My current job involves aggregating a lot of information from many websites, all of which are constructed using different tools, frameworks, approaches, etc. So, pretty much a standard web scraping challenge, except perhaps with some additional hurdles introduced by the fact that our industry hosts some of the oldest, ugliest websites you’ve ever seen. About that I will have no more to say today, but for the purposes of this post it is sufficient to note that many of these sites are… sigh… table-driven.
If you’ve spent a lot of time with xpath expressions and have used tools like FirePath and tried to develop good expressions and export them to use in running applications, then you probably knew where I was going with this as soon as you saw the title. For the rest of you, maybe this will save you a few minutes somewhere down the road.
The TBODY element is a child of the TABLE element, and is used to encapsulate a body within the table. Here’s an example:
<TABLE><TBODY><TR><TD>ugh caps</TD></TR></TBODY></TABLE>
According to the standard the TBODY element is optional unless a table has more than one body. Most tables have just one body, and most tables that I see in the wild omit the TBODY element from the markup.
So can we forget about it? Not really. If you’re developing an xpath expression in FireFox, for example, and looking at the page DOM as you work, then you’re seeing TBODY in the tables whether it was present in the page markup, or not. Most browser rendering engines insert a TBODY around table contents. I’m not sure why, but I assume it makes the parsing or rendering path more efficient.
If you’re using something like FirePath then the expression you’re developing is evaluated against the DOM, meaning that it won’t match if you don’t insert the TBODY. But what if the TBODY isn’t actually in the markup? Then that xpath expression won’t match when you move it to your application.
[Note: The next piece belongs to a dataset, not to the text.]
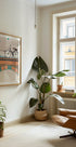 En stemningsfuld Amsterdam-plakat, hvor en rolig kanal spejler byens ikoniske, smalle gavlhuse. En cyklist glider over en elegant bro, omgivet af grønne træer og bløde efterårsfarver. Den rene, grafiske komposition indfanger byens rytme, poesi og frihed. Illustration af Nicholas, perfekt til elskere af cykler, kanaler og klassisk bycharme.

Maybe.
It won’t match if you’re running your xpath against the page markup, and the TBODY is not in the page markup. But what if you render the page in memory using something like phantomjs, a task that is more often than not required in order to access the full content displayed on the page? If you do, then what you end up scraping is the rendered DOM, serialized back into html markup. Guess what? That means the TBODY is back.
The bottom line is: if you’re scraping page markup text retrieved from the site server, and the TBODY element is not used in a table, then you don’t want it in your xpath either. If you’re scraping page markup retrieved from a server-side in-memory rendering engine then you will need the TBODY, whether it was present in the markup or not.